TASK BRIEF — Using the entries below, copy exactly each line from the line with "To compare and" up to and including the line with "الاطمئنان على مصاب", with every picture left out.

--- SOURCE DATA ---

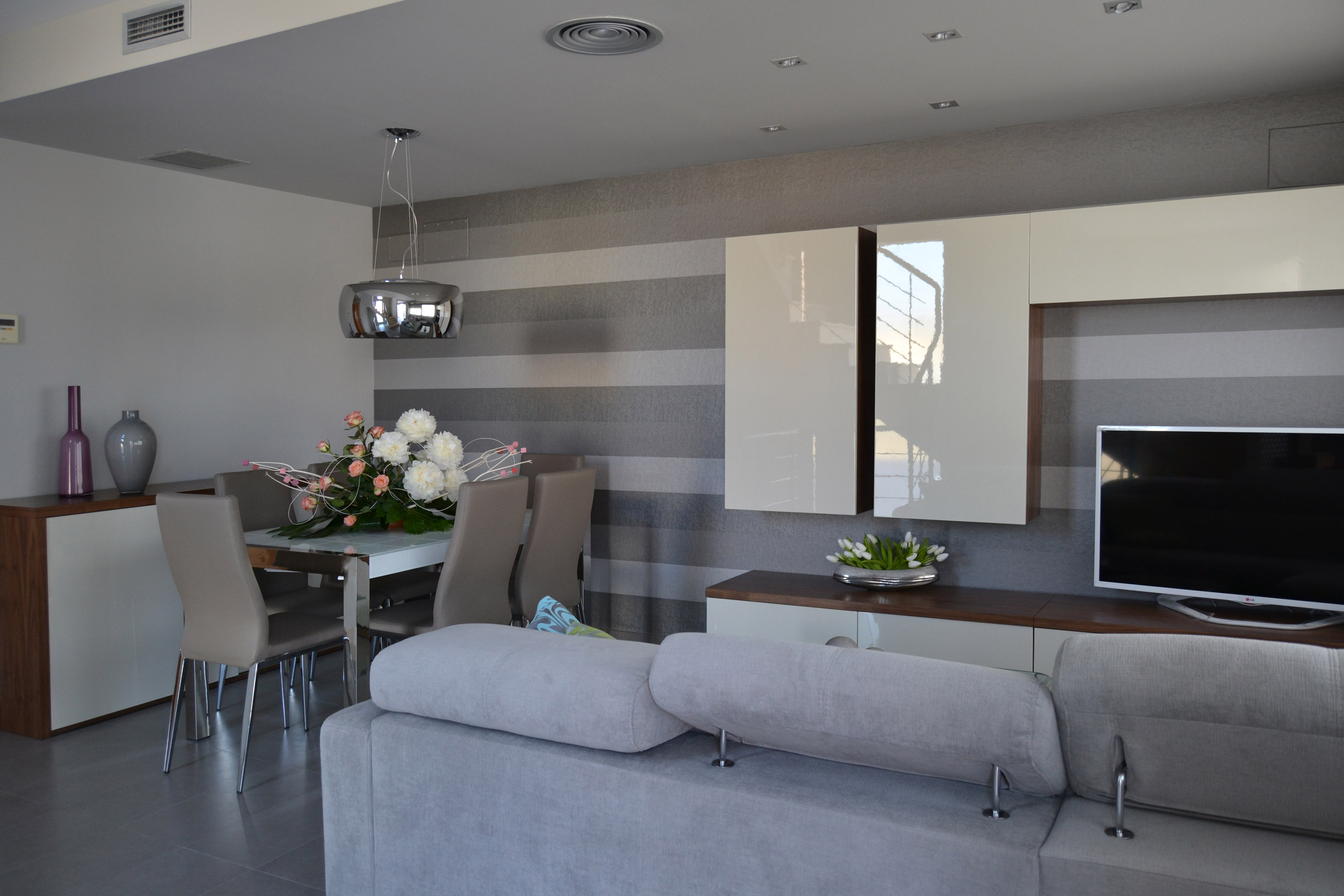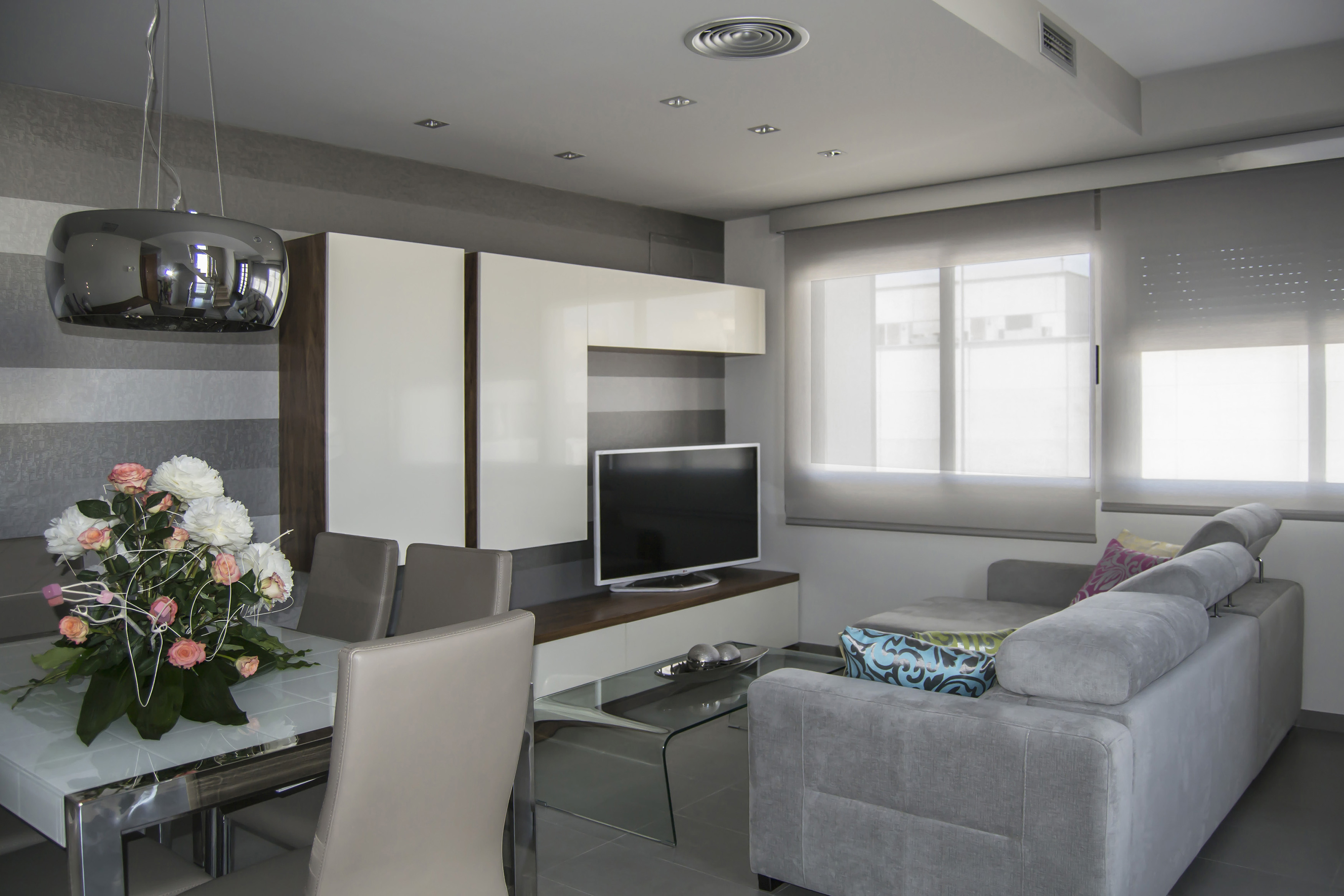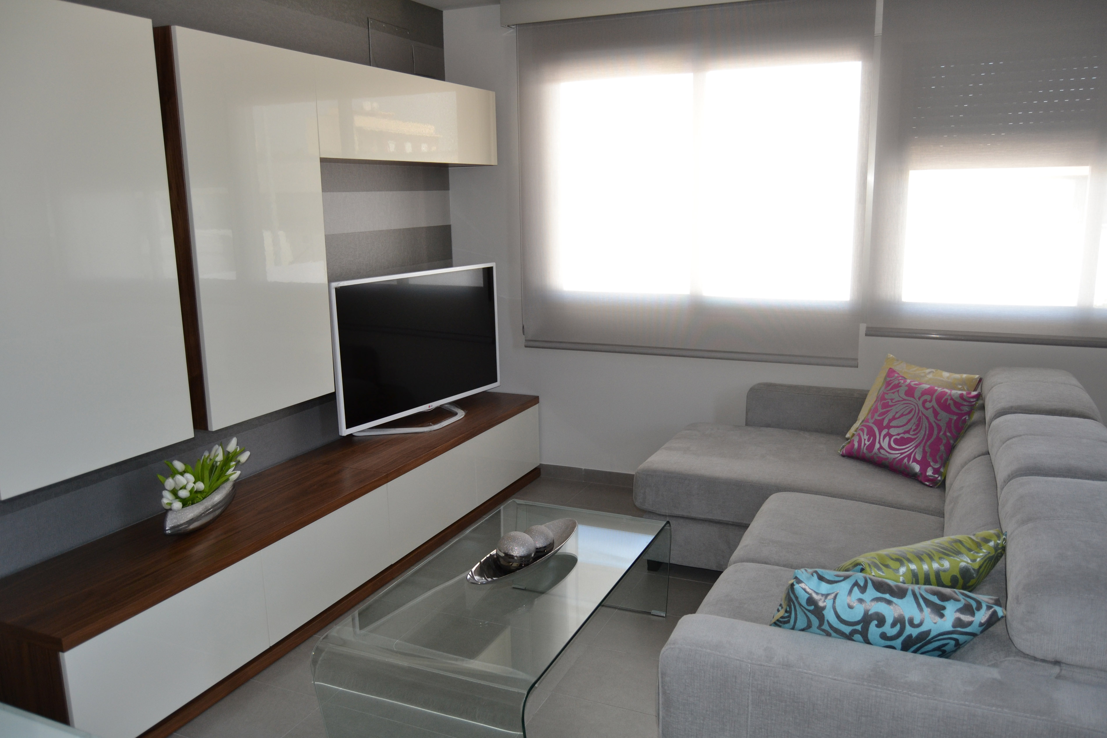 El salón como no era demasiado grande, optamos por unos muebles lacados en blanco con toques de madera, que hacen que quede un salón muy acogedor. El resto de la decoración la puedes ver por ti mism@, tonos neutros con el punto de color en los cojines, ya que no queríamos sobrecargarlo.
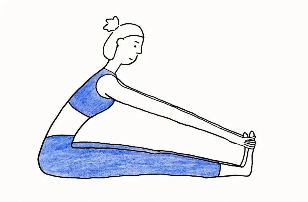 坐姿,雙腿伸直分開,腳尖回勾,雙手抓住腳趾,身體慢慢向下壓,重點感受兩腿內側被拉伸的感覺。
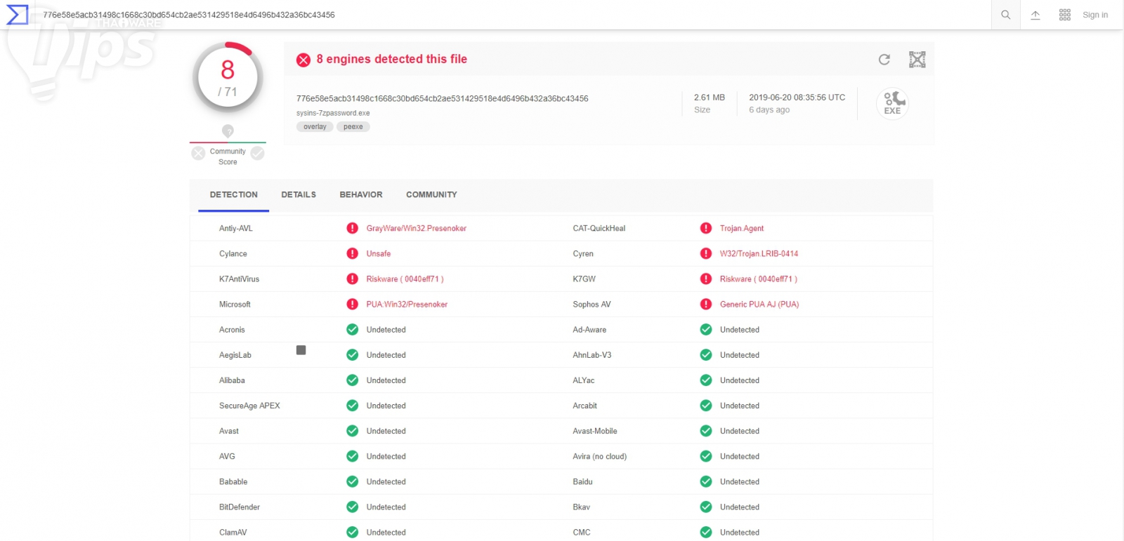 ข้อมูลที่แสดงขึ้นมาทั้งหมด มาจากค่ายแอนตี้ไวรัสกว่า 70 แบรนด์ โดยมีค่ายชื่อคุ้นหูอย่าง ESET-NOD32, BitDefender, AVG, Avast, Ad-Aware, Microsoft รวมอยู่ด้วย โดยในรายละเอียดที่แสดงให้เห็น มาจากลิสต์รายชื่อมัลแวร์ของค่ายแอนตี้ไวรัสแต่ละเจ้า ซึ่งบางครั้งอาจบอกไม่ตรงกัน แนะนำให้ดูเจ้าดังๆ เป็นหลัก
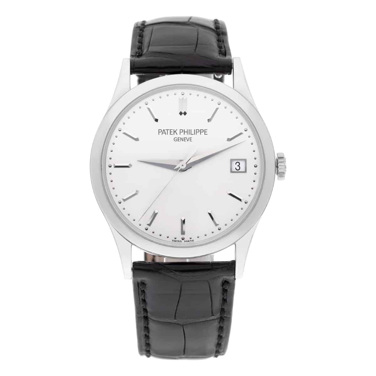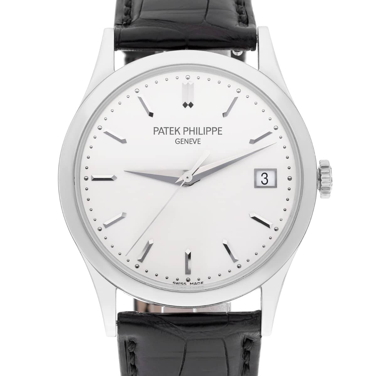 Patek Philippe 5296G-010 Calatrava Silver Dial 18kt White Gold with a black alligator leather strap 5296G-010 Fixed 18kt white gold bezel. Silver dial with white gold hands and index hour markers. Minute markers around the outer rim. Dial Type: Analog. Date display at the 3 o'clock position. Automatic movement with a 45-hour power reserve. Scratch resistant sapphire crystal. Pull / push crown. Sapphire case back. Case diameter: 38 mm. Case thickness: 8.6 mm. Round case shape. Band width: 20 mm. Band length: 8 inches. Tang clasp. Water resistant at 25 meters / 80 feet. Functions: date, hour, minute, second.
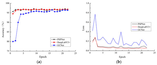 To compare and analyze the convergence performance of three semantic segmentation network models (DeepLabV3+, PSPNet, and GCNet) on the verification set, the curve of pixel accuracy and loss value of the three semantic segmentation network models on the validation set with the change of training times is shown in Figure 8.
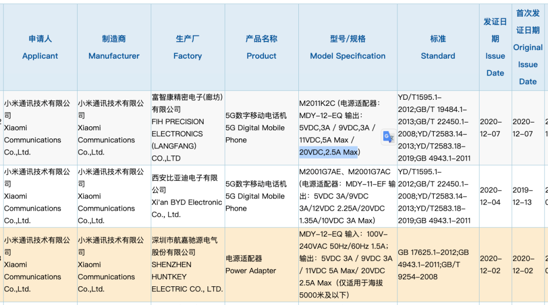 证后台,型号M2011K2C,配备型号为MDY-12-EQ 最大55W充电器。
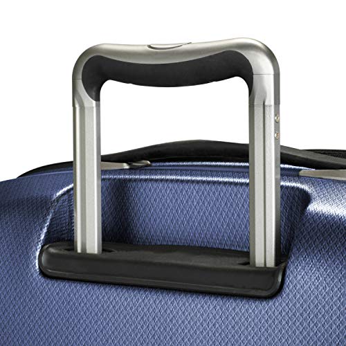 - The polycarbonate alloy exterior resists damage from impact. This lightweight material has also been texturized for scratch resistance. Patent-pending multistage retractable handle fits ergonomically in hand to get around easily with less arm fatigue. Bottom grip and top and side carry handles with soft-rubber grips promote easy lifting and positioning.
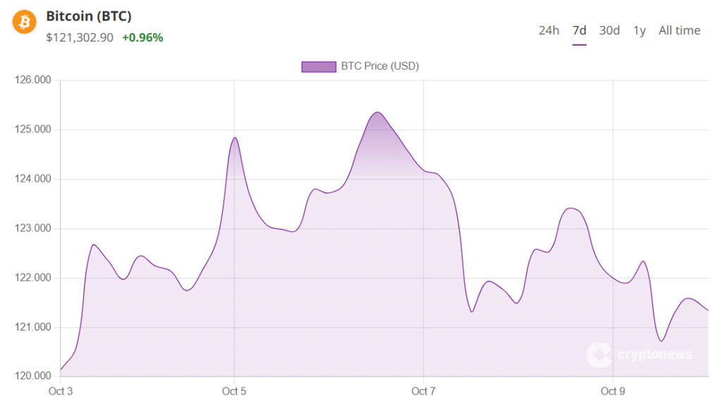 A moeda chegou a tocar a máxima intradiária de US$ 123.548, mas recuou até US$ 119.967 antes de se recuperar parcialmente para o patamar atual.
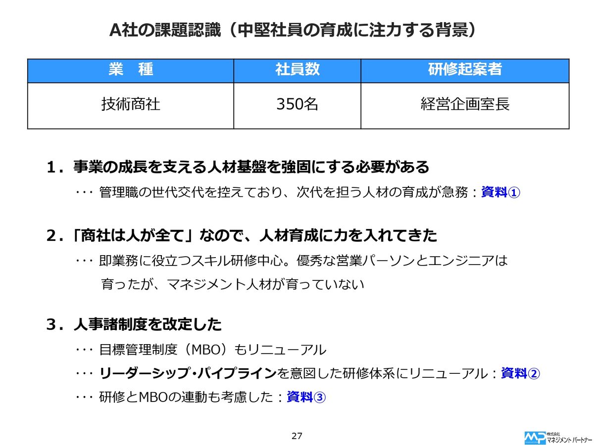 まず1社目です。技術商社のA社さまですね。中堅社員育成の背景として、管理職の世代交代が迫っていて、次代を担う人材の育成が急務でした。
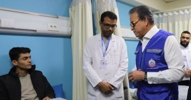 الاطمئنان على مصاب فلسطيني بتلقى العلاج بمستشفى العريش
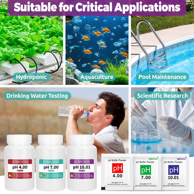 - Enhanced Long-Term Stability: Maintain pH values of 4.00, 7.00, and 10.01 consistently even after extended storage, reducing the need for frequent repurchases. Our advanced formula ensures lasting precision for reliable testing.
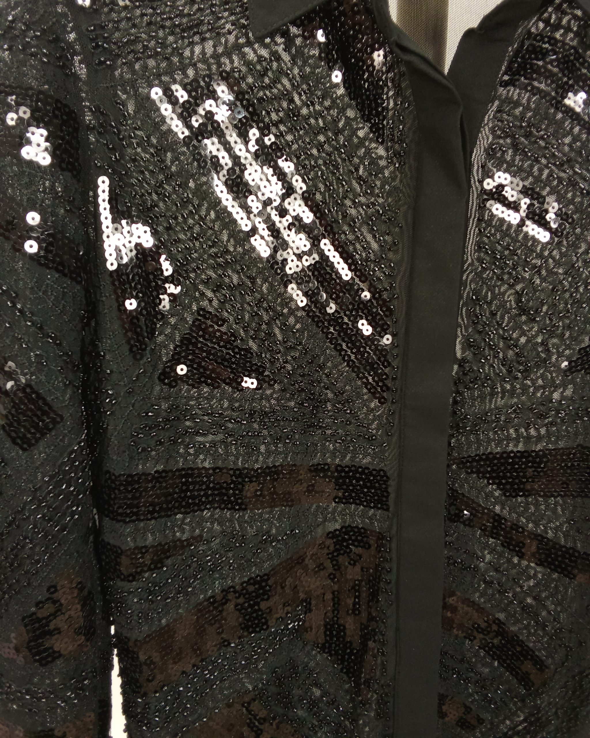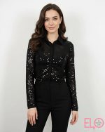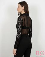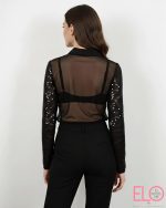 Body de color negro en tul, con bordado de lentejuelas y piedras negras.
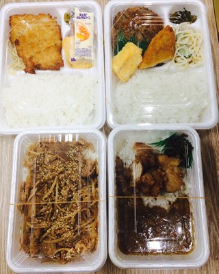 時計回りに左上から日替わり弁当、ハンバーグ弁当、カレー唐揚げ弁当、カルビ弁当(いずれも380円)
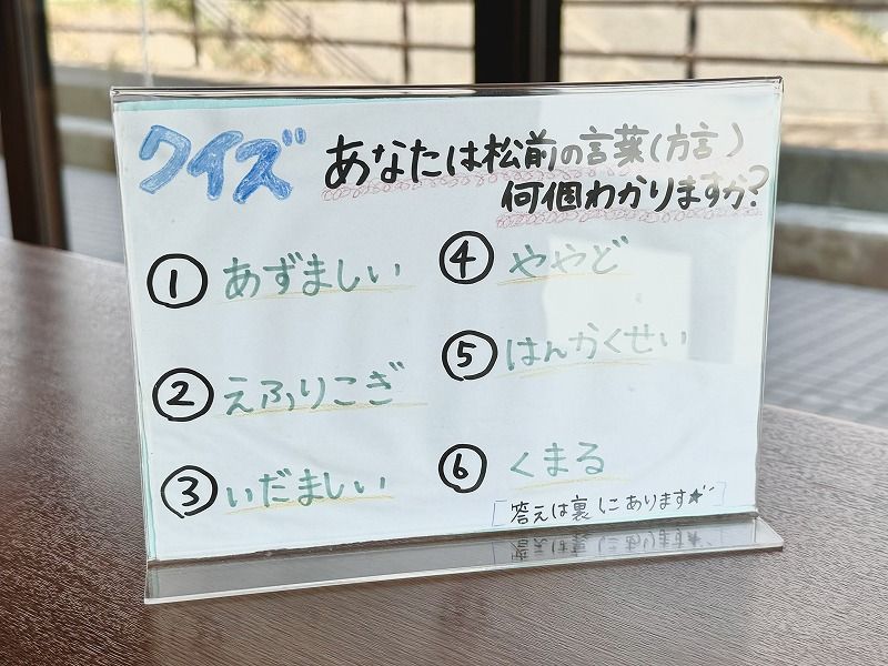 出かける最後に、のりだんだんの到着を待っている間、テーブルの上に置いてあって目に留まった「松前の方言クイズ」を読者の皆さまにも共有して終わります。いくつ分かりますか……?
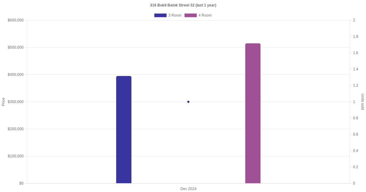 Below is a quick summary of the resale transactions volume and average price trends for the 3 room and 4 room units at 316 Bukit Batok Street 32.

---

SOLUTION BELOW —
 To compare and analyze the convergence performance of three semantic segmentation network models (DeepLabV3+, PSPNet, and GCNet) on the verification set, the curve of pixel accuracy and loss value of the three semantic segmentation network models on the validation set with the change of training times is shown in Figure 8.
 证后台,型号M2011K2C,配备型号为MDY-12-EQ 最大55W充电器。
 - The polycarbonate alloy exterior resists damage from impact. This lightweight material has also been texturized for scratch resistance. Patent-pending multistage retractable handle fits ergonomically in hand to get around easily with less arm fatigue. Bottom grip and top and side carry handles with soft-rubber grips promote easy lifting and positioning.
 A moeda chegou a tocar a máxima intradiária de US$ 123.548, mas recuou até US$ 119.967 antes de se recuperar parcialmente para o patamar atual.
 まず1社目です。技術商社のA社さまですね。中堅社員育成の背景として、管理職の世代交代が迫っていて、次代を担う人材の育成が急務でした。
 الاطمئنان على مصاب فلسطيني بتلقى العلاج بمستشفى العريش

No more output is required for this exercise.